The world’s first gas station opened in 1905 at 420 South Theresa Avenue in St. Louis. The unassuming building featured a white picket fence, behind which ran a row of large tanks that pumped petroleum directly into a vehicle’s gas tank. Since then, the gas station model hasn’t changed all that much. Asphalt. Canopies. Credit card machines. Maybe a store.

The rapid ascent of electric vehicles has presented designers and carmakers with an intriguing opportunity to rethink the service station. And while most current EV charging facilities are more infrastructure than architecture, a radically new type of service station is on the horizon that takes advantage of the time gap people spend waiting for their cars to charge.

It couldn’t come at a better time. The need for charging capabilities is becoming acute—in the U.S., the ratio of EVs to chargers is 24 to 1, according to the International Energy Agency (IEA). This has led the Biden administration to call for the opening of 500,000 charging stations by 2030, and to dedicate billions to supporting national electric vehicle infrastructure. There are opportunities for innovation, and if recent creative tweaks and a plethora of concept stations tell us anything, this already familiar model could be headed for exciting changes.

Right now, the Tesla Supercharger is by far the most ubiquitous, and reliable, type of EV charging station in the world, with over 45,000 globally. Tesla’s model doesn’t stray far from the traditional gas station model; the typical Supercharger features rows of chargers, sometimes powered by rooftop solar canopies, and offers the occasional seating area.
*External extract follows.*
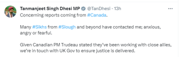 दरम्यान, या सर्व प्रकरणाचे पडसाद ब्रिटनच्या संसदेत उमटताना पाहायला मिळत आहेत. ब्रिटनच्या संसदेतील लेबर पार्टीचे शीख खासदार तन्मनजीत सिंग धेसी यांनी या प्रकरणावर चिंता व्यक्त केली आहे. “कॅनडामधून येत असलेल्या बातम्या चिंताजनक आहेत. ब्रिटनमधील व विदेशातीलही अनेक शीख समुदायाच्या लोकांचे आम्हाला फोन येत आहेत. हे लोक संभ्रमित, संतप्त व घाबरलेले आहेत. कॅनडाच्या पंतप्रधानांनी त्यांच्या मित्रदेशांच्या मदतीने काम करत असल्याचं सांगितलं आहे. त्यामुळे आम्हीही ब्रिटनच्या सरकारच्या संपर्कात असून कॅनडातील या प्रकरणात न्याय होईल यासाठी प्रयत्न करू”, असं धेसी म्हणाले.

Arguably, the most stimulating new plan in operation has been designed by Danish architects Cobe, who partnered with Danish electric mobility operator Clever and European charging network E.ON Drive. They’ve rolled out a kit of modular, timber-framed, fast-charging stations whose wooden canopies form a sort of EV forest. Topped in some cases with sedum roofs and softened with greenery, they’re designed as mini oases, providing a 15-minute respite from the cement and noise of the urban world.

Cobe founder Dan Stubbergaard calls them “a welcome break and an opportunity to recharge mentally.” Their kit is designed for fast, on-site assembly and disassembly, and can expand from a single tree to an expansive cluster of them. The canopies’ green roofs are designed to retain rainfall and, via downspouts, lead water to green seepage areas. So far, 11 stations have been completed (or will be done this year), while the team is planning to create a network of 48 stations along Scandinavian highways in the coming years.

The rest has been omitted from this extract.